*** Opening Data extract ***

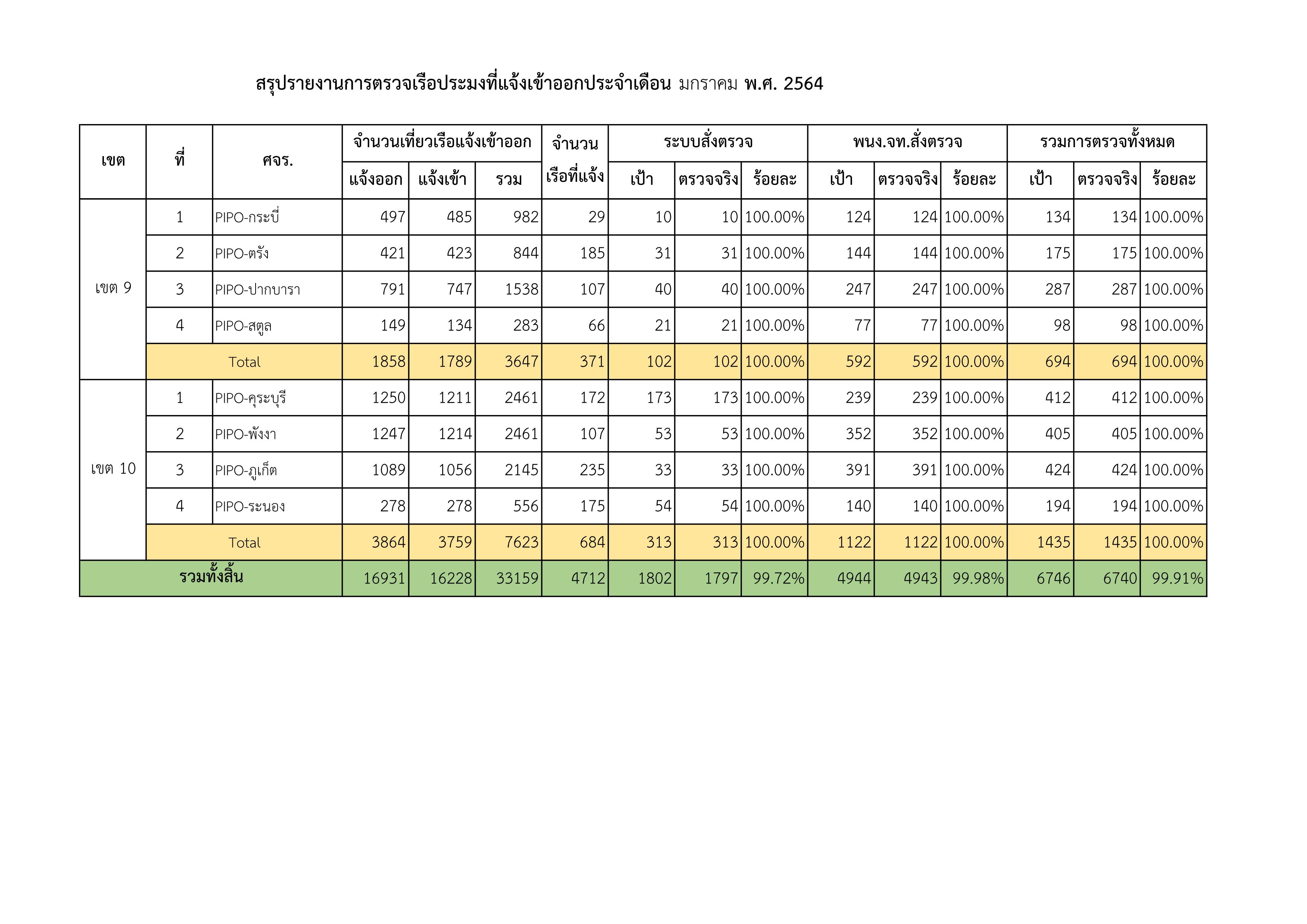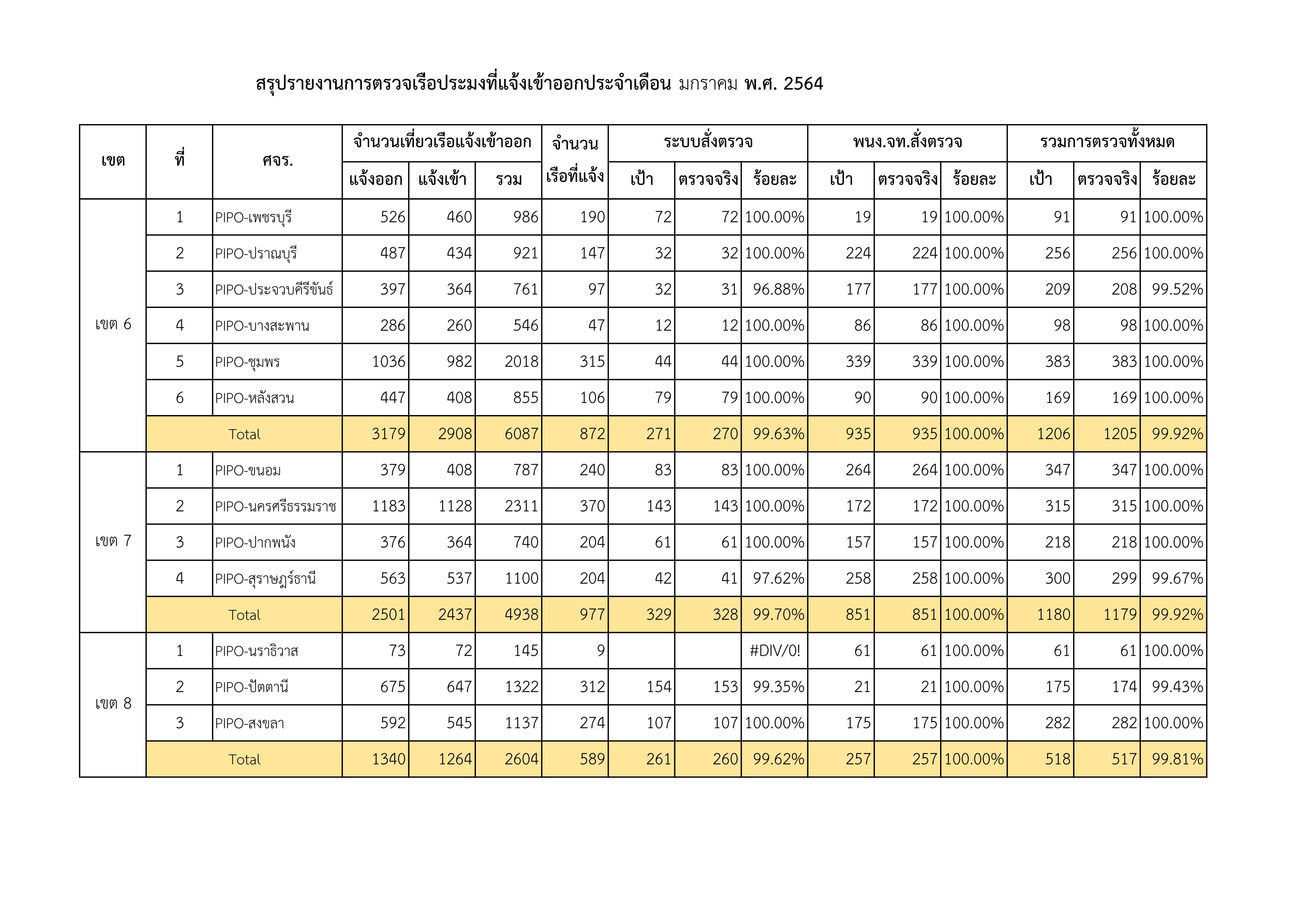 รายงานการตรวจสอบเรือประมงไทยที่แจ้งเข้าออก ประจำเดือน มกราคม 2564
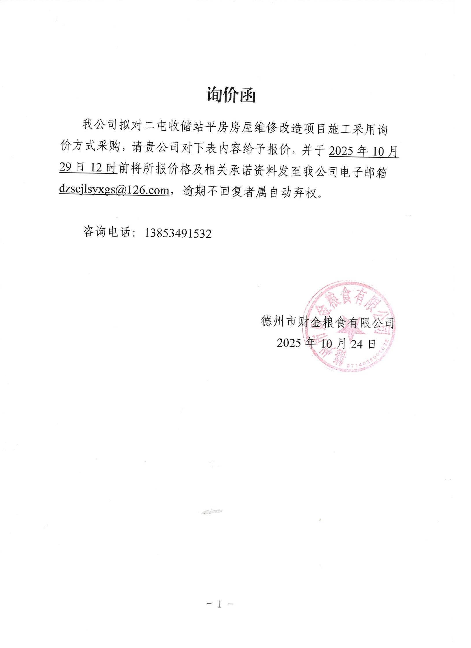 询价公告 | 德州市财金粮食有限公司 二屯收储站房屋维修改造询价公告
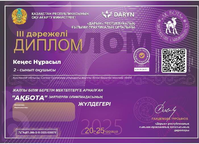 Кеңес Нұрасыл, 2 сынып оқушысы, «Ақбота» зияткерлік олимпиадасы, 3 орын

*** Closing Data extract ***

Would you set down the material exactly as it stands, without the pictures?

Output below:
 รายงานการตรวจสอบเรือประมงไทยที่แจ้งเข้าออก ประจำเดือน มกราคม 2564
 询价公告 | 德州市财金粮食有限公司 二屯收储站房屋维修改造询价公告
 Кеңес Нұрасыл, 2 сынып оқушысы, «Ақбота» зияткерлік олимпиадасы, 3 орын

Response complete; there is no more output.